One item to note is the additional files in Amazon S3 that are not your local assets — these are AWS CloudFormation templates that are uploaded to Amazon S3 as an intermediary step before being sent to AWS CloudFormation. They are not needed after being copied over and are a perfect candidate for deletion via CDK Garbage Collection.
Here is where CDK Garbage Collection comes in. With the right parameters, you are able to clean up the isolated objects while not disturbing the assets that are actively in use.
Because you want to delete assets immediately, and not tag them for deletion later, set rollback-buffer-days to 0. You also want to delete assets that were just created, so be sure to set created-buffer-days to 0 as well. The default for created-buffer-days is 1.
⏳ Garbage Collecting environment aws://912331974472/us-east-1...

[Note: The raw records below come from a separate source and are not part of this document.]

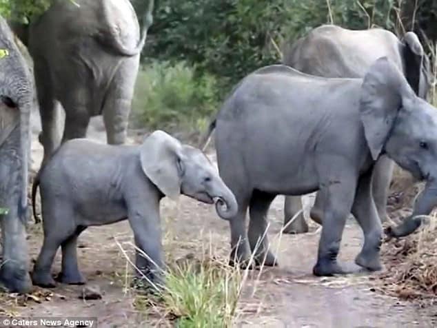 Captured on camera, the little elephant put on an enthusiastic display, even rearing up on its hind legs as if practicing its most intimidating moves.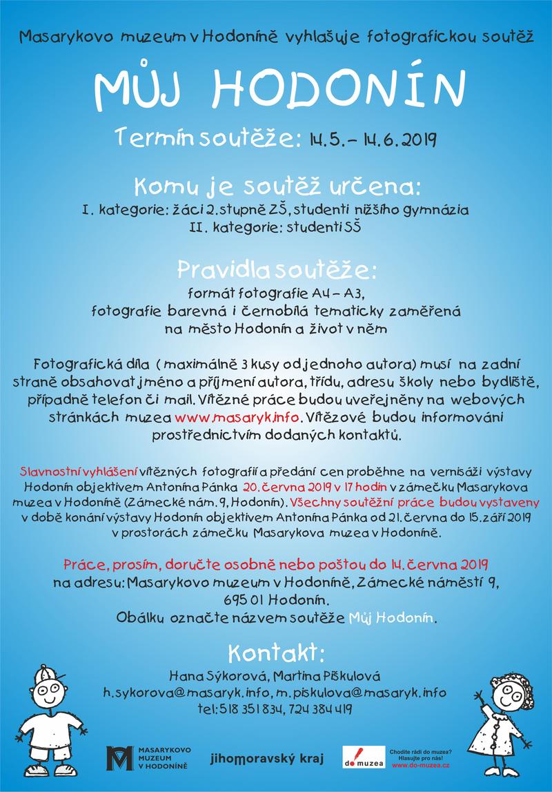 Masarykovo muzeum v Hodoníně vyhlašuje fotografickou soutěž pod názvem ''Můj Hodonín''. Soutěž je určena žákům II. stupně ZŠ, studentům nižšího gymnázia a studentům SŠ. Termín soutěže je od 14.5.-14.6. 2019.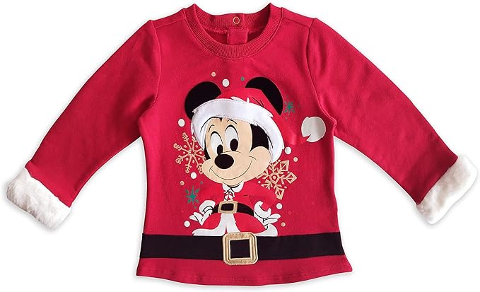 - Shirt features Santa Mickey screen art with hat trim applique, black belt with buckle applique at shirt waist, and three button placket at back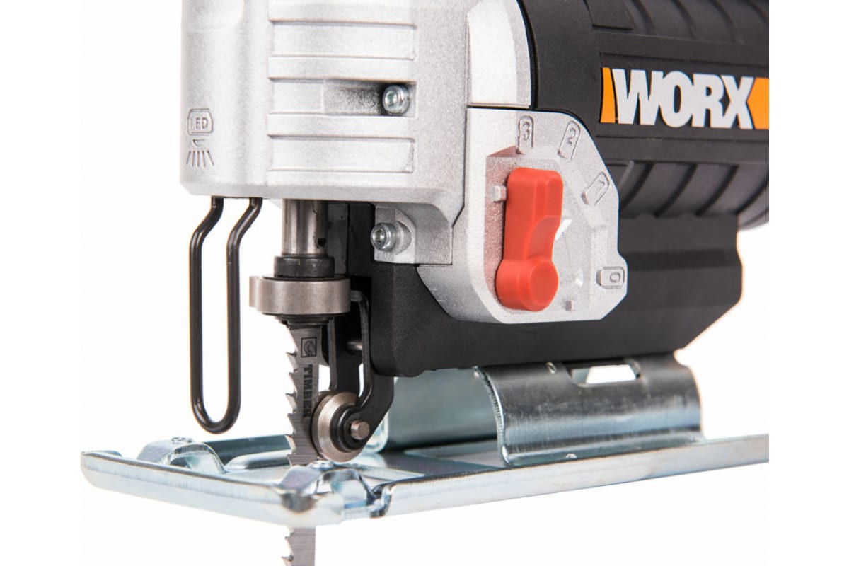 Обеспечивает переменную скорость полотна до 2600 оборотов в минуту, позволяя контролировать процесс пиления дерева, пластика или металла.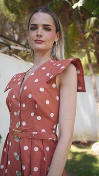 Vestido de invitada ANN, estilo femenino y elegante. Presenta un favorecedor escote en pico con botones frontales y sin manga y aleron que le aporta un toque romántico. Su cintura es ajustada con un cinturón del mismo tejido, que estiliza la silueta, mientras que la falda recta de largo midi crea un look sofisticado y versátil. Ideal para eventos de día, ocasiones especiales o para elevar un look casual con aire chic.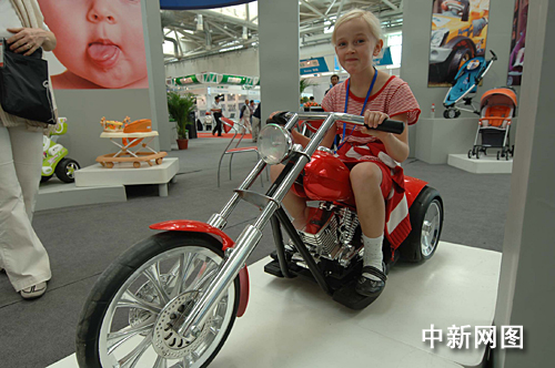 展覽會(huì)上,一個(gè)外國(guó)孩子騎著中國(guó)發(fā)明制造的玩具電動(dòng)車(chē)。(鄒憲 攝)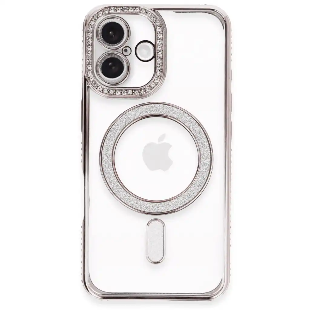 Apple İphone 16 Plus Kılıf Joke Simli Magneticsafe Kılıf - Pembe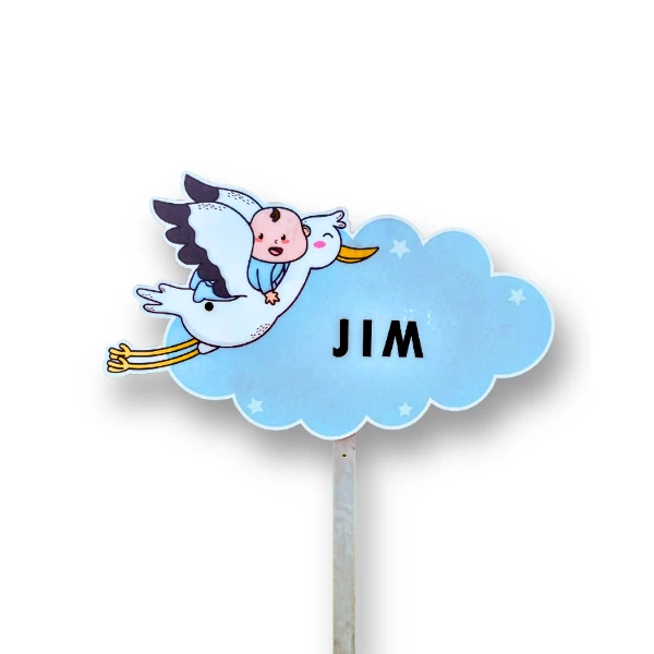 Bezorgen van het Geboortebord Naamwolkje met Jongetje op Ooievaar Blauw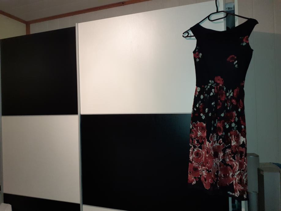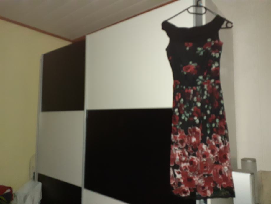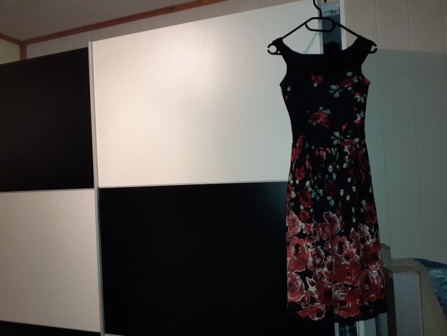 Haljina sa cvijetnim uzorkom na prvom sloju koji je poluproziran, sa unutarnje strane se nalazi jos crna svilena podloga, a oko struka je lagano elasticna.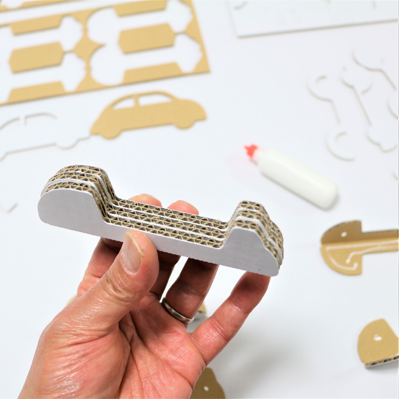 ダンボールカー組み立て工作キットは全てのパーツがダンボールで出来ています。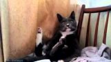 כלב צ'יוואווה מנסה לצעוק האזנת פעמון, אבל לא נראה להאמין.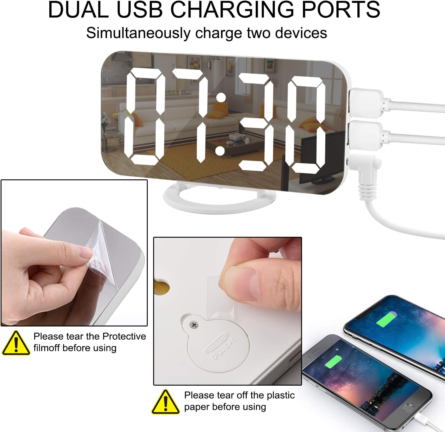 - DIGITAL ALARM CLOCKS MIRROR SURFACE: SZELAM alarm clock combines with makeup mirror, alarm clock and time display function. The HD mirror display can map your beauty, you can also use it as a mirror for your beauty and makeup while watching the time. The specially designed mirror surface is not easy to be stained with ash which can be cleaned with a single rub to restore the original clean appearance. You can put it upright, put it flat or hang it on the wall, just choose the way you like it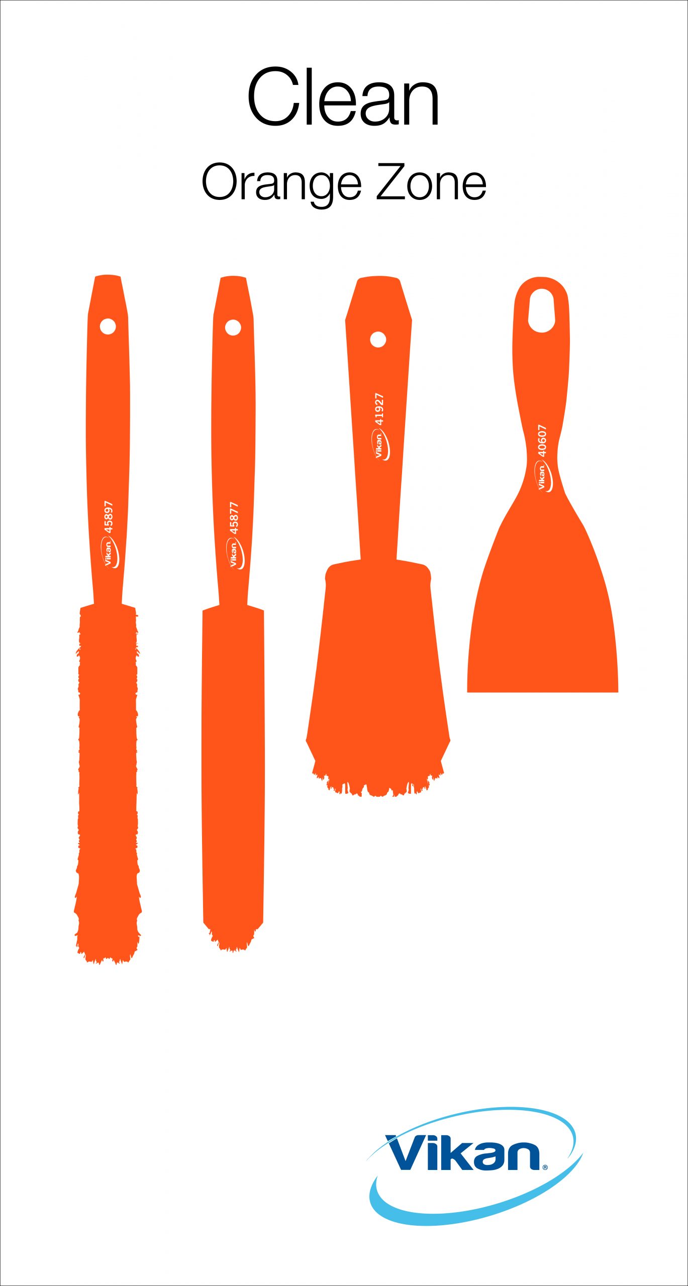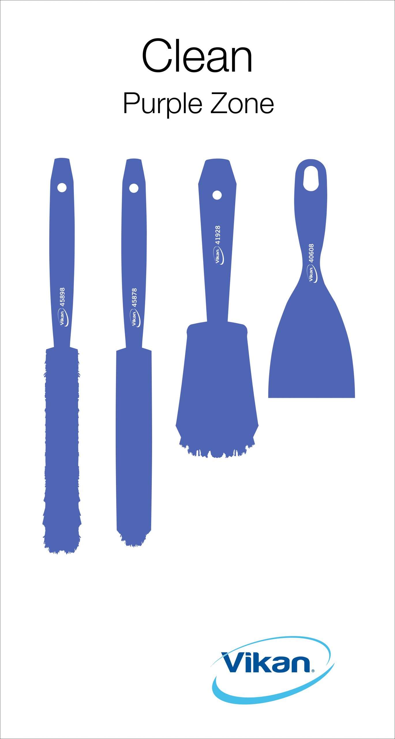 Vikan Shadow Board is an effective and affordable way to ensure GFSI-compliant “5S” storage of your hygienic cleaning tools. Colour-coded for hygienic segregation, these boards keep your tools organised, clean and in good condition – saving you time and money every day. They also make it easier to stay on top of inventories, and to keep the auditors satisfied.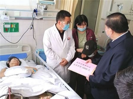 在听取了西电集团医院党委书记陆键安、社区党委书记周健玲的情况介绍后,吴前进说,刘九一家是一个特殊的家庭,省慈善会要协助残联、社区联手帮助刘九一家治病,解决他们生活上的困难。今天代表爱心网友送来2万元的捐款作为他们的生活费,后续治疗费用的拨付由当地社区负责监管,按进度分期拨付到医院。他希望残联和社区能落实各项政府救助政策,帮助刘九的女儿就业,医院应尽全力对陈玉霞进行救治。他还鼓励刘九和女儿要树立信心,护理好患者,积极配合治疗,渡过难关。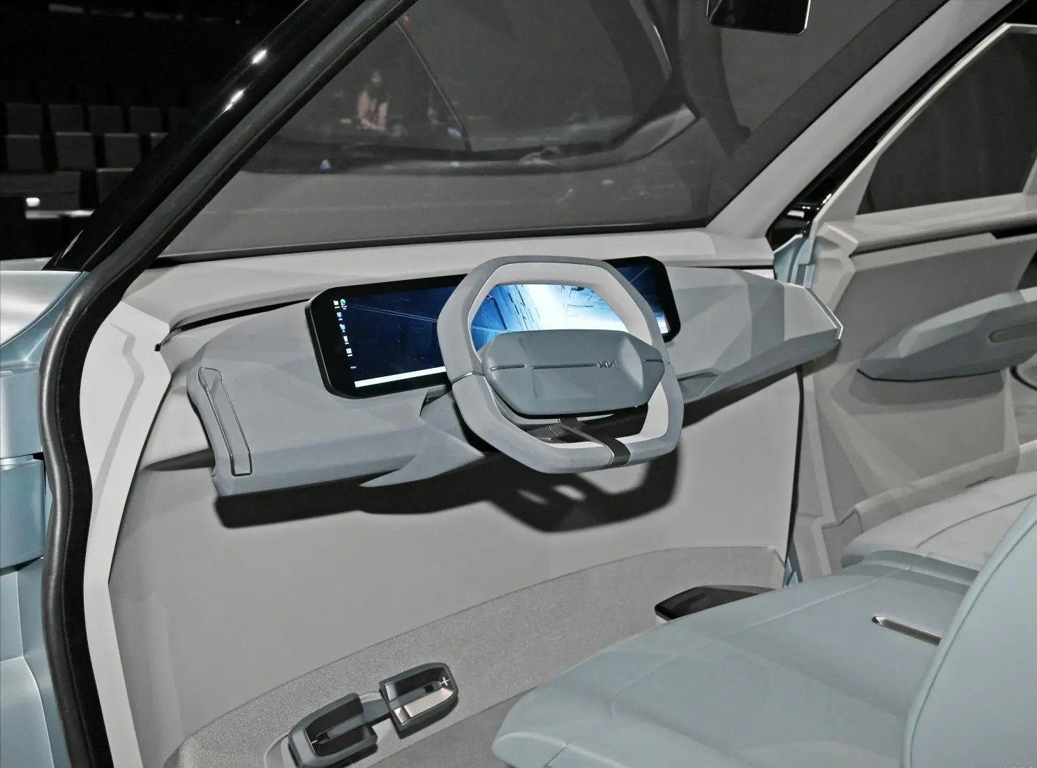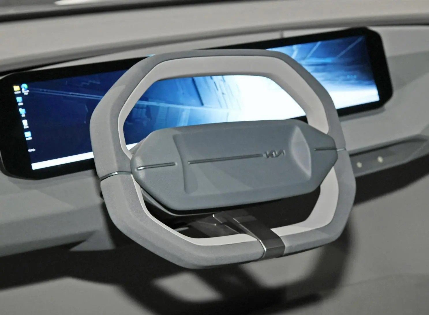 同时,在起亚EV5概念车上,我们也能看见十分朴素但不简陋的布局,常见的挡杆、空调出风口、雨刷器拨杆以及众多物理按键全部转变为隐藏式设计,集成在中控屏幕上。你能看见的只有双平底造型方向盘和一体式屏幕。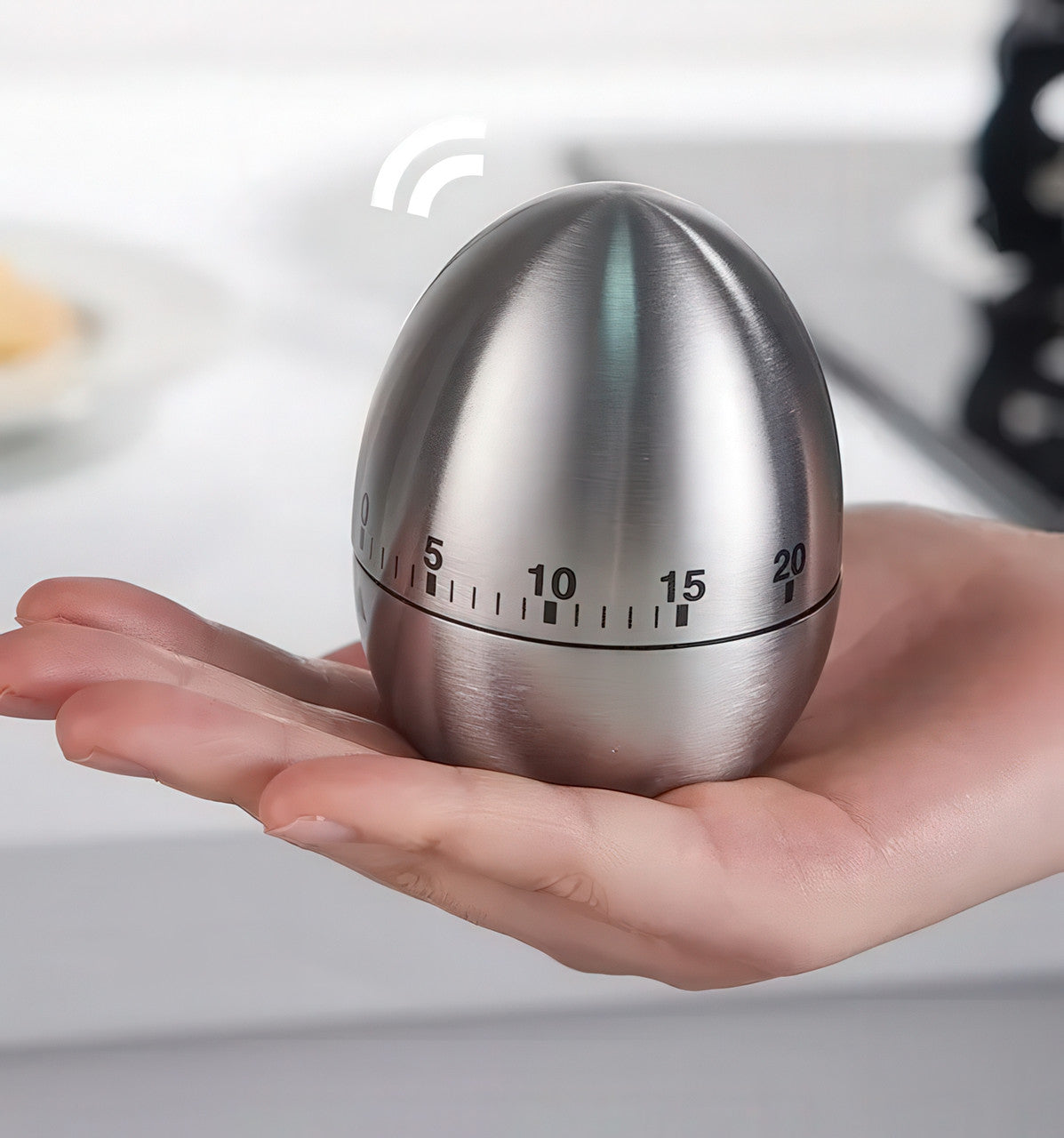 Кухонний механічний таймер у формі яйця, металевий корпус, 60 хвилин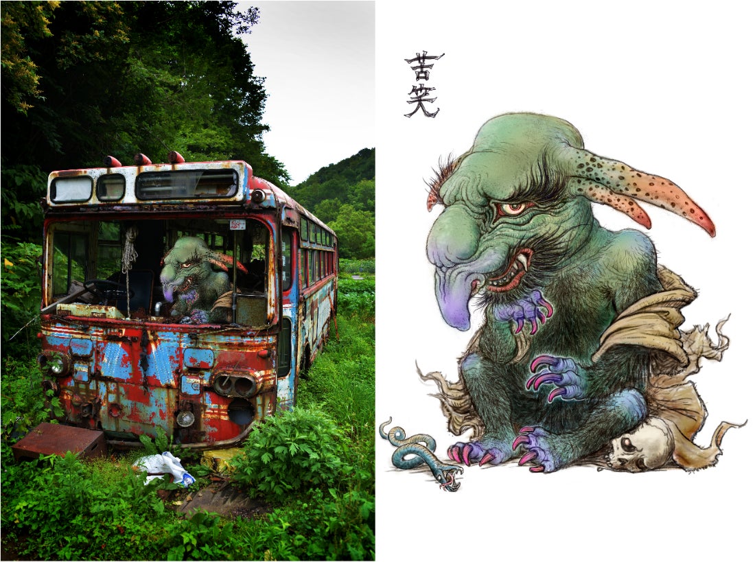 氏の撮った素晴らしい写真と氏の描く、恐ろしくて味わい深い妖怪たちをコラージュし、絵本としても深遠な物語を構築していきます。

Found 3 objects to delete based off of the following criteria:
- objects have been isolated for > 0 days
- objects were created > 0 days ago
Delete this batch (yes/no/delete-all)?
CDK Garbage Collection found three assets to be deleted from Amazon S3, which is to be expected. It prompts you to verify that you want to delete, which you do, so enter yes. You will then get this response:
Found 1 image to delete based off of the following criteria:
- images have been isolated for > 0 days
- images were created > 0 days ago
Delete this batch (yes/no/delete-all)?
Once again, this is to be expected for Amazon ECR, so you enter yes again. You then get the response:
At this point, CDK Garbage Collection is finished.
Details
CDK Garbage Collection exposes some parameters to help you customize the experience to your specific scenario. These options help you determine how aggressive you want your garbage collection to be.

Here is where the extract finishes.